### Task prompt
When you copy the material below, keep every line exact and drop the pictures.

### Dataset extract
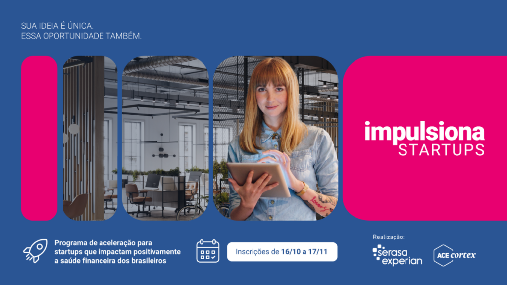 After this first phase, four startups will be chosen based on the best projects and results to undergo 4 months of acceleration with experts from Ace Cortex, executive mentors from Serasa Experian, in addition to receiving an equity-free investment – which does not require corporate obligations. To find out more, check out the official website. Applications can be submitted until November 17th at the link: https://www.serasaexperian.com.br/impulsiona-startups
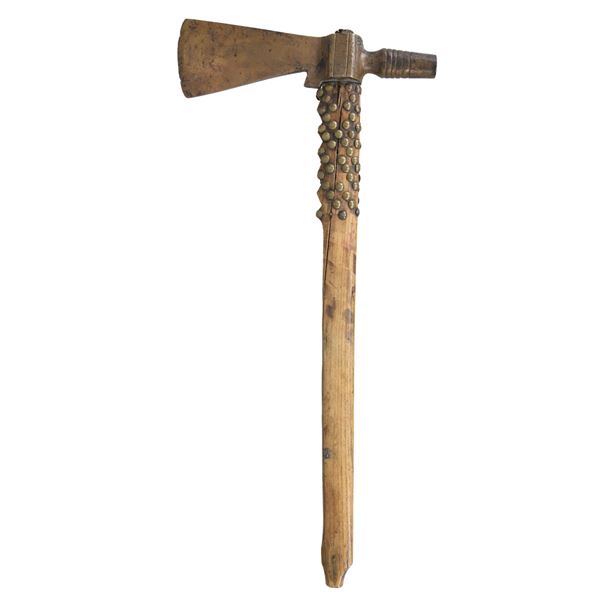 This tomahawk features a brass head that measures 9 1/4" in length by 2 3/4" at the bit. The blade is just over 5" long, and the pipe is about 2 1/2" long. The heavy, massive eye has vertical lineal decoration combined with horizontal lineal decoration at the base of the pipe. The pipe bowl has five incised lines that form four circular rings. The haft measures 19 1/2" long and has numerous domed brass tacks covering the top 4 1/2" of the haft. The bottom of the haft is carved to form a mouthpiece for the pipe. The haft is a light-colored hardwood and shows a few tight cracks from drying. CONDITION: the brass head has a dark, ancient, mustard patina, and the inside of the pipe bowl is quite dark. The tacks have a patina that reasonably match the head. The haft has traces of file branding that, in most places, has worn completely away. (02-23585/BF). $2,000-3,000.
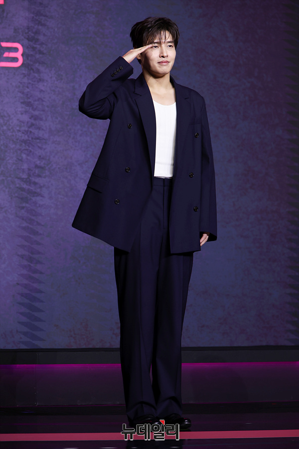 배우 강하늘이 9일 오전 서울 용산구 드래곤시티에서 열린 넷플릭스 시리즈 '오징어 게임 시즌 3' 제작발표회에서 포즈를 취하고 있다.
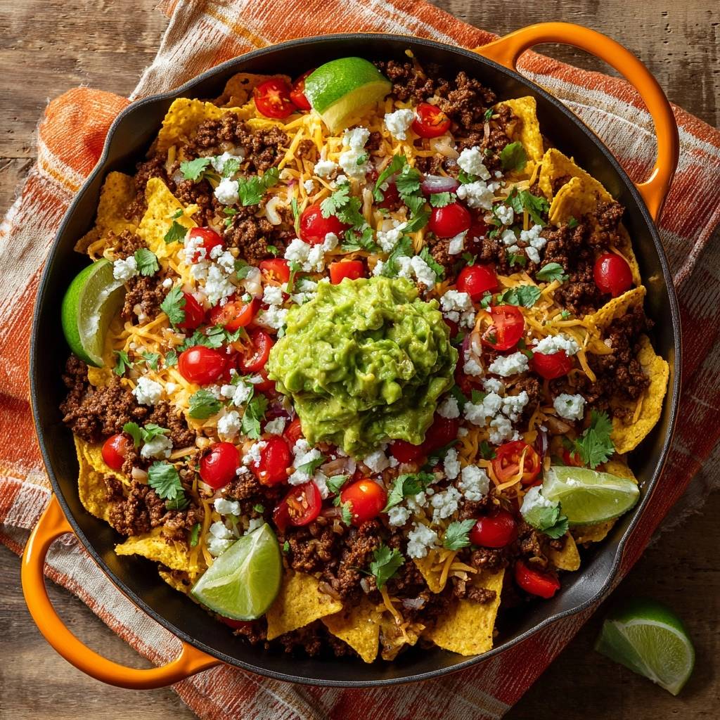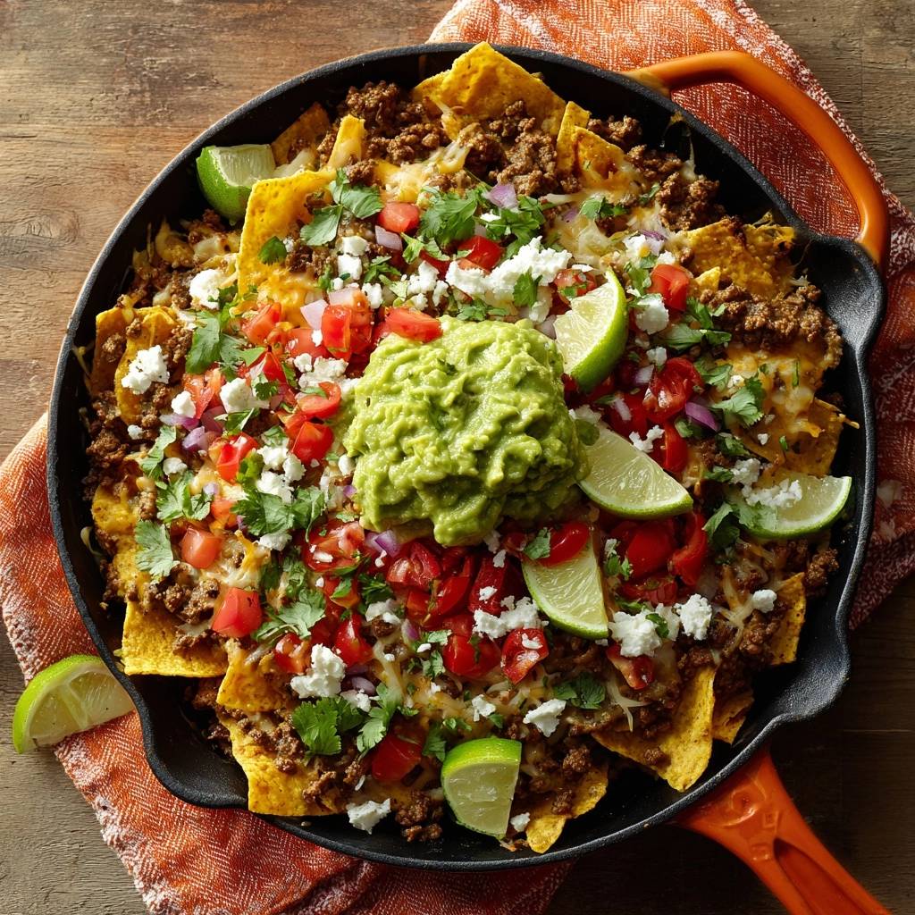 Serviere die Pfanne sofort. Nachos warten nicht. Sobald sie auf dem Tisch stehen, sollten alle zugreifen, solange der Käse noch Fäden zieht und die Basis maximalen Crunch liefert.

### Exercise answer
 After this first phase, four startups will be chosen based on the best projects and results to undergo 4 months of acceleration with experts from Ace Cortex, executive mentors from Serasa Experian, in addition to receiving an equity-free investment – which does not require corporate obligations. To find out more, check out the official website. Applications can be submitted until November 17th at the link: https://www.serasaexperian.com.br/impulsiona-startups
 This tomahawk features a brass head that measures 9 1/4" in length by 2 3/4" at the bit. The blade is just over 5" long, and the pipe is about 2 1/2" long. The heavy, massive eye has vertical lineal decoration combined with horizontal lineal decoration at the base of the pipe. The pipe bowl has five incised lines that form four circular rings. The haft measures 19 1/2" long and has numerous domed brass tacks covering the top 4 1/2" of the haft. The bottom of the haft is carved to form a mouthpiece for the pipe. The haft is a light-colored hardwood and shows a few tight cracks from drying. CONDITION: the brass head has a dark, ancient, mustard patina, and the inside of the pipe bowl is quite dark. The tacks have a patina that reasonably match the head. The haft has traces of file branding that, in most places, has worn completely away. (02-23585/BF). $2,000-3,000.
 배우 강하늘이 9일 오전 서울 용산구 드래곤시티에서 열린 넷플릭스 시리즈 '오징어 게임 시즌 3' 제작발표회에서 포즈를 취하고 있다.
 Serviere die Pfanne sofort. Nachos warten nicht. Sobald sie auf dem Tisch stehen, sollten alle zugreifen, solange der Käse noch Fäden zieht und die Basis maximalen Crunch liefert.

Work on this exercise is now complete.